Alignment of Next Generation Sequencing (NGS) reads to GRCh37
We selected NA12156 and NA12878, (SRA accessions ERX000125 and ERX000080, respectively) and aligned their reads to GRCh37 using an algorithm called srprism (Agarwala et al., in preparation). This aligner can consider the placement information associated with the assembly and is thus 'alternate locus aware'. Because of this feature, reads with 'multiple' alignments corresponding to hits both on the primary assembly unit and on alternate loci can be distinguished and thereby not assigned a depressed mapping score.
For our analyses, we performed two sets of alignments: one against the full GRCh37 assembly and a second using only the GRCh37 primary assembly (thus omitting the alternate loci). Alignment parameters allowed no more than 2 alignment discrepancies (mismatches or insertions/deletions) per read alignment for the entire length of the read. When scoring a set of paired-end reads, the pair retained the score of the lowest scoring member. Importantly, despite the small number of regions associated with alternate loci in GRCh37, we were able to identify sequence reads that aligned only to the alternate locus scaffolds when they are present (Supplemental Figure 2). Furthermore, even using strict alignment parameters, removal of the alternate locus scaffolds resulted in two-thirds of these sequence reads aligning to another region of the assembly, thus resulting in a mis-mapped read (Supplemental Table 2). These data clearly demonstrate that that inclusion of alternate representations for genomic loci can improve alignment quality and avoid spurious variation calls.
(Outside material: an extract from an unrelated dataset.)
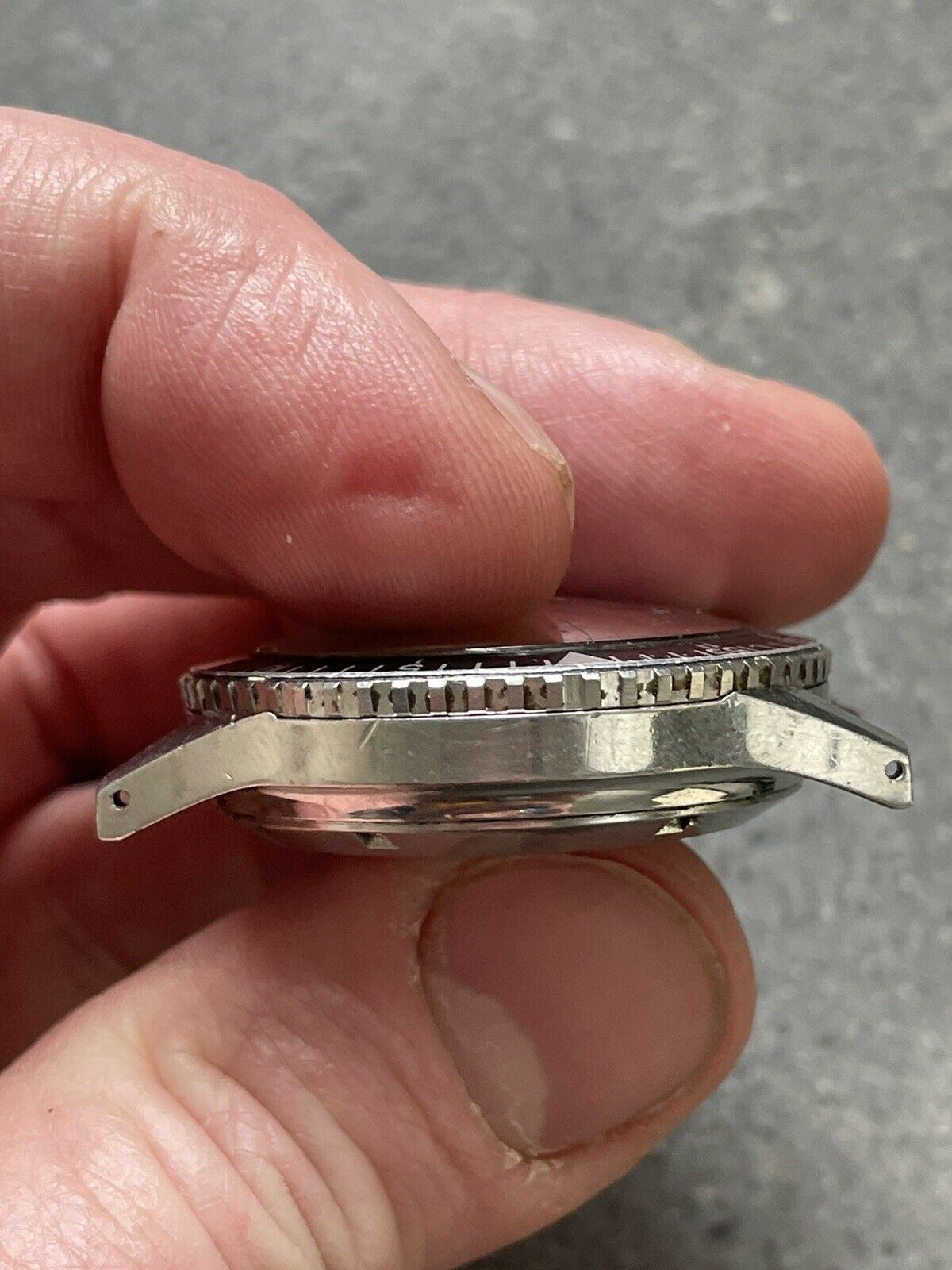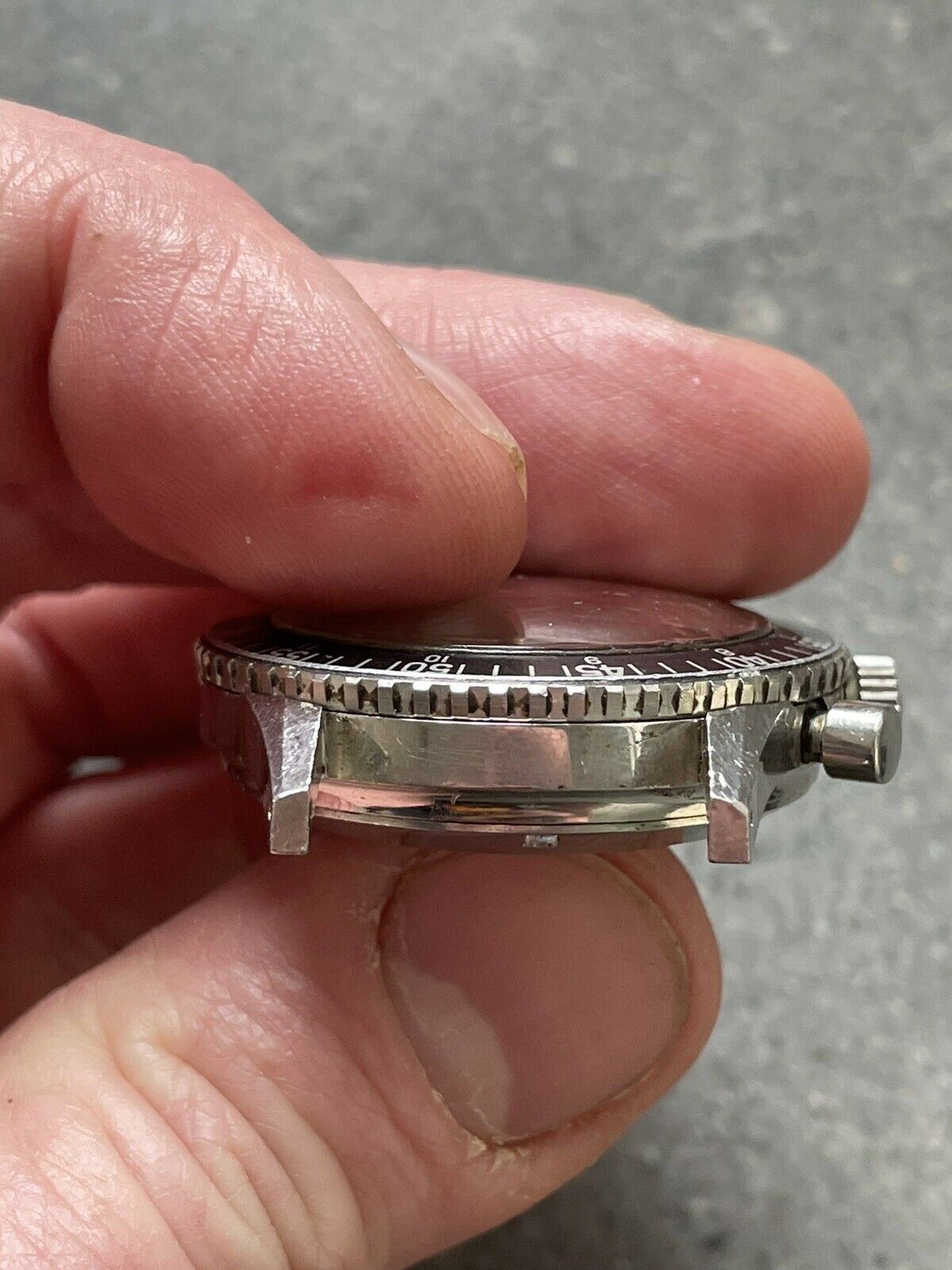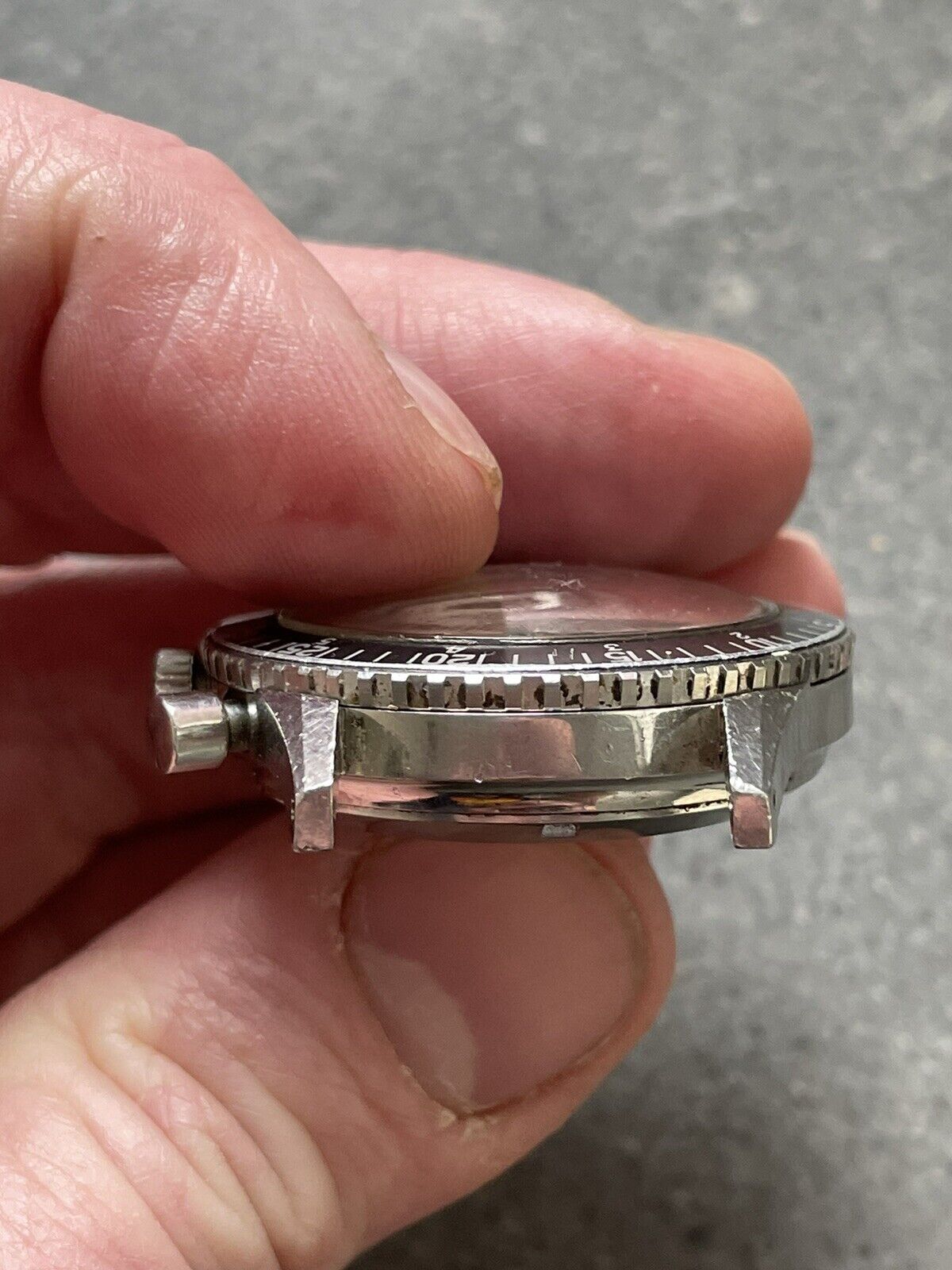 CASE: 39mm case (without signed crown) is in excellent, unpolished condition; all bevels are obvious, and there's light marks from wear, as you'd expect of anything pushing 60 years old. The caseback etching is clear, the crown is signed, and the bezel rotates bidirectionally as it should. The seemingly original crystal is crazed. The watch comes on a JB Champion straight-end Bullet-link bracelet that fits my 7.25" wrist fine. Caseback is marked 1837 M 8222.

Supplemental Table 2 (excel workbook)

Supplemental Figure 2: Alignments of short reads to GRCh37. The top panel shows the MAPT alternate locus scaffold NT_167251.1 aligned to chromosome 17 (NC_000017.10). On the alignment track, gray indicates regions of perfect match, red show regions of mismatches and blue shows regions of insertion-deletions. Below the alignment track is a histogram of the NA12156 alignments to NT_167251.1. Below this is the gene annotation on NT_167251.1. The yellow highlight shows the region that is expanded in the bottom panel.The bottom panel shows a zoomed in view of the region highlighted in the top panel. This region contains sequence not present on the chromosome as well as an inversion breakpoint. The arrow marks the region of the inversion break- read to the right of the arrow may also align to the chromosome sequences as the alternate locus scaffold and chromosome sequence are identical in this region. Reads to the left of the arrow only align to the alternate locus scaffold as this sequence is not represented on the chromosome. Removing the alternate locus scaffold causes two-thirds of the alternate locus specific reads to mismap to a location on the primary assembly.